The two-story house has cracks in the foundation so big that daylight shines through to the basement. Filled with trash, it harbors “vermin and vagrants.” The back side sags, and according to an inspection report, the floors, ceilings and walls are riddled with holes. This 100-year-old house, at 501 Oakwood Ave. in Durham’s historic but neglected Cleveland-Holloway neighborhood just east of downtown, escaped bulldozers yet again on Aug. 24 when owner Cedric Russell made a verbal agreement with city officials to bring the structure into compliance with the minimum housing code.

The fragile arrangement buoyed the hopes of a fledgling group of residents from the Cleveland-Holloway community, who over the last several weeks have urged officials to halt the demolition and spare the neighborhood yet another vacant lot.

“I want for it to be appropriately, historically restored,” says Natalie Spring, a relatively new Cleveland-Holloway resident who lives down the street from the boarded-up house. “Instead of taking the time and care of fixing up the old homes, they’re trying to gut them and turn them around quickly.”

The negotiations show the challenges inherent in rebuilding blighted downtown neighborhoods, where vacant lots and boarded-up houses abound, and absentee landlords tend to flip properties rather than invest in repairs: The city can either rely on the word of out-of-town owners like Russell, who lives in Raleigh, or demolish the old structures that could anchor revitalized neighborhoods.

“We’ve been trying to work with whatever owner owned the property to bring it up to code, and because of the historic nature of the home, we haven’t demolished,” says Gray Dawson, the housing code administrator in the Department of Neighborhood Improvement Services. “But this is the last extension on this property unless someone comes up with a phenomenal plan with financial backing.”

On Aug. 31, Russell met with Dawson and other NIS officials.
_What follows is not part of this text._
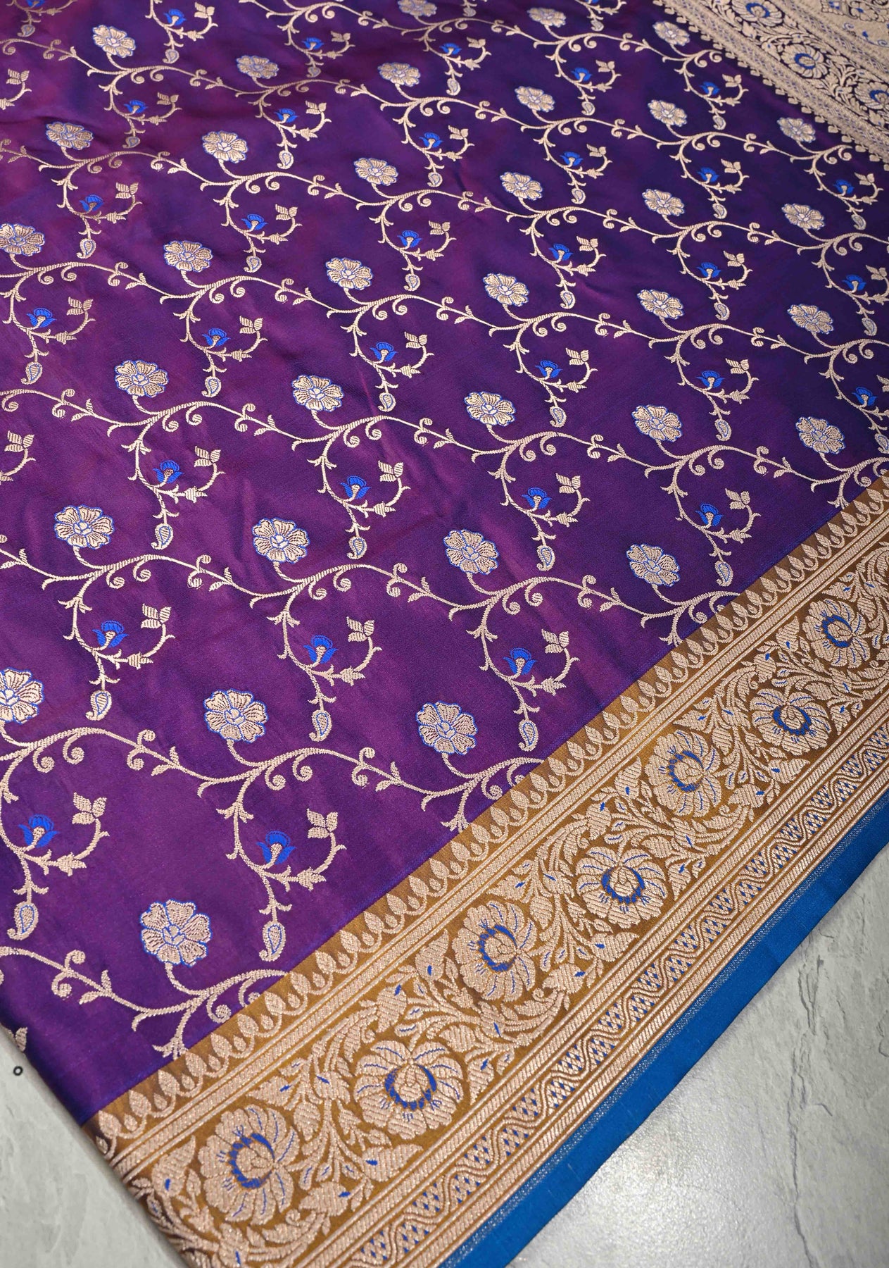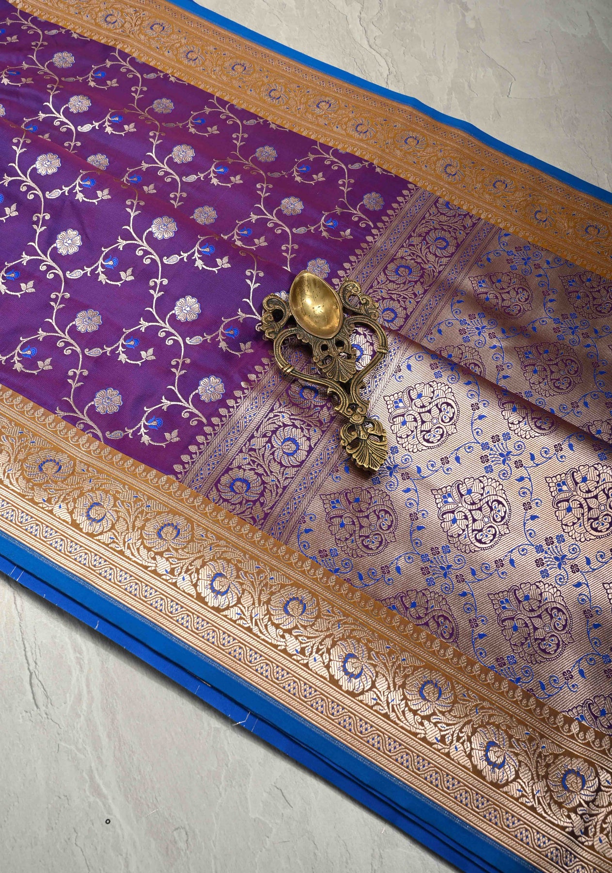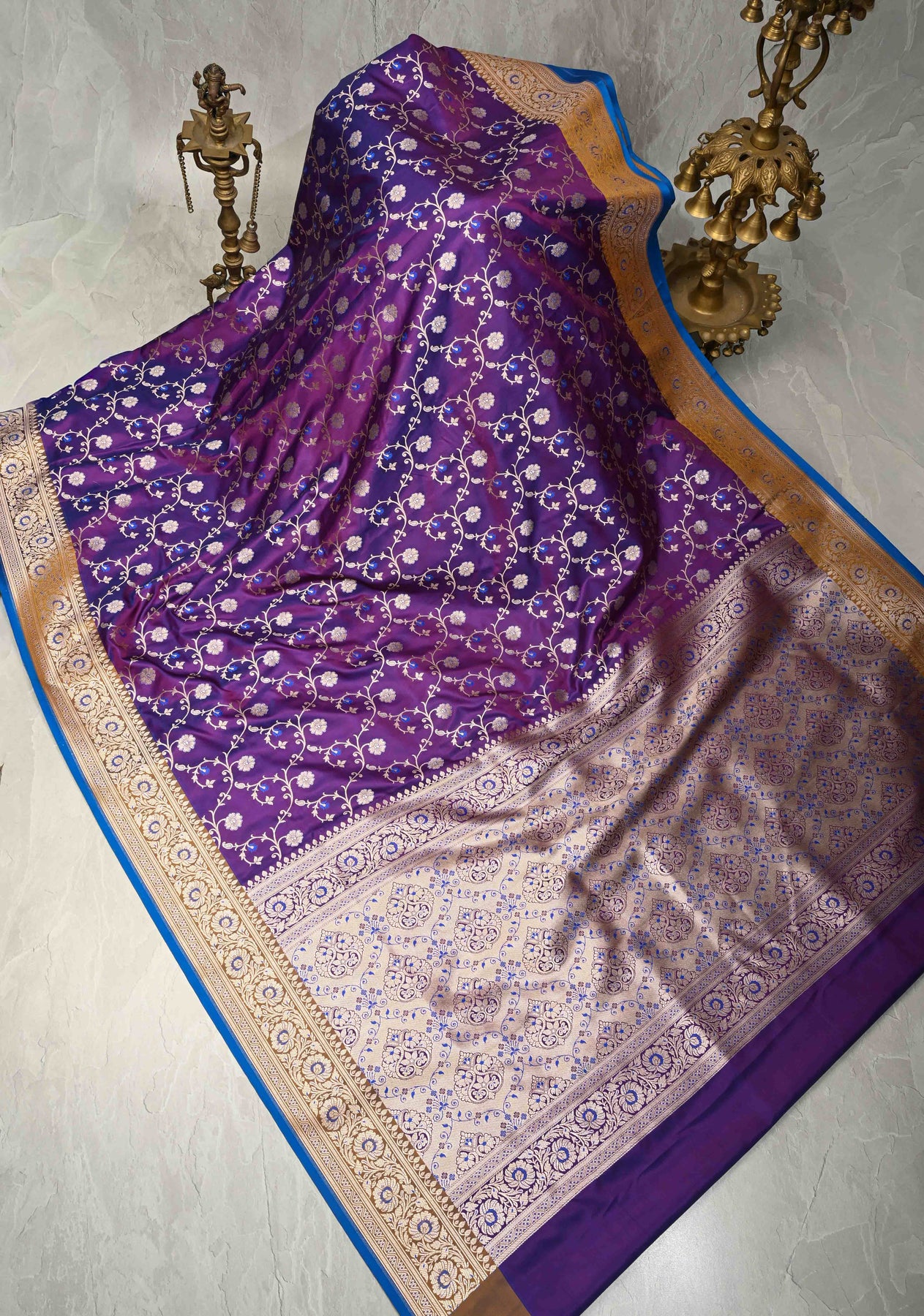 Embrace royal elegance in this Purple Semi Mashru Silk Saree. The deep purple body boasts a luxurious satin-like luster, meticulously adorned with an all-over silver Zari floral jaal and vibrant blue Meenakari accents. A striking contrast mustard gold border with blue piping provides a regal frame, while the opulent silver Zari pallu features an intricate geometric lattice. Perfect for grand weddings, this heritage weave blends traditional artistry with a sophisticated,.

Russell did not return calls for comment, but Dawson says that Russell and his contractor submitted plans for $58,000 in renovation, though they lacked the engineering report and adequate floor plans necessary for a memorandum of understanding, an agreement between an owner and NIS to repair a house. If and when Russell submits the missing documents, the city will delay the demolition order for four months, Dawson says.

Russell owns at least six properties in East Durham, some outright, others through one of three real estate businesses registered under his name. He bought the century-old home at 501 Oakwood for $10,000 in April, long after it had been condemned; efforts to sell it have failed. Two of his other properties have structures with housing code violations and face possible court action. Still, city officials are hopeful that Russell will follow through.

“This is the first time we’ve dealt with him on a project,” Dawson says. “If he fails at this, we may have to step back and look at how he does business. Right now, we have no reason to believe he’s not going to do what he says he’s going to do.”

“There’s no good way to deal with this process,” says Gary Kueber, whose blog, Endangered Durham, chronicles old homes that have met the wrecking ball. “Most of the folks we’re dealing with are unwilling to do anything with these properties…. The general sense is that they always wait until the last minute and then take some action that buys them time.”

Meanwhile, Cleveland-Holloway homeowners, many of them recent additions to the neighborhood who braved the blight to buy homes at bargain basement prices, want even more than the city can ask fornot just housing code compliance, but careful restoration. “People come into the neighborhood and replace the windows and immediately lose the historical character of the house,” says Spring. “Repair the window rather than replace it. Use the original siding rather than vinyl siding.”

At stake, say the residents, is the community’s ability to attract new homeowners that will care for their homes, and no less than the vitality of the neighborhood.

“I like the people that we currently have here in our neighborhood,” says Eleni Vlachos, who bought her home in November 2005 for $32,000. “We want more of them.”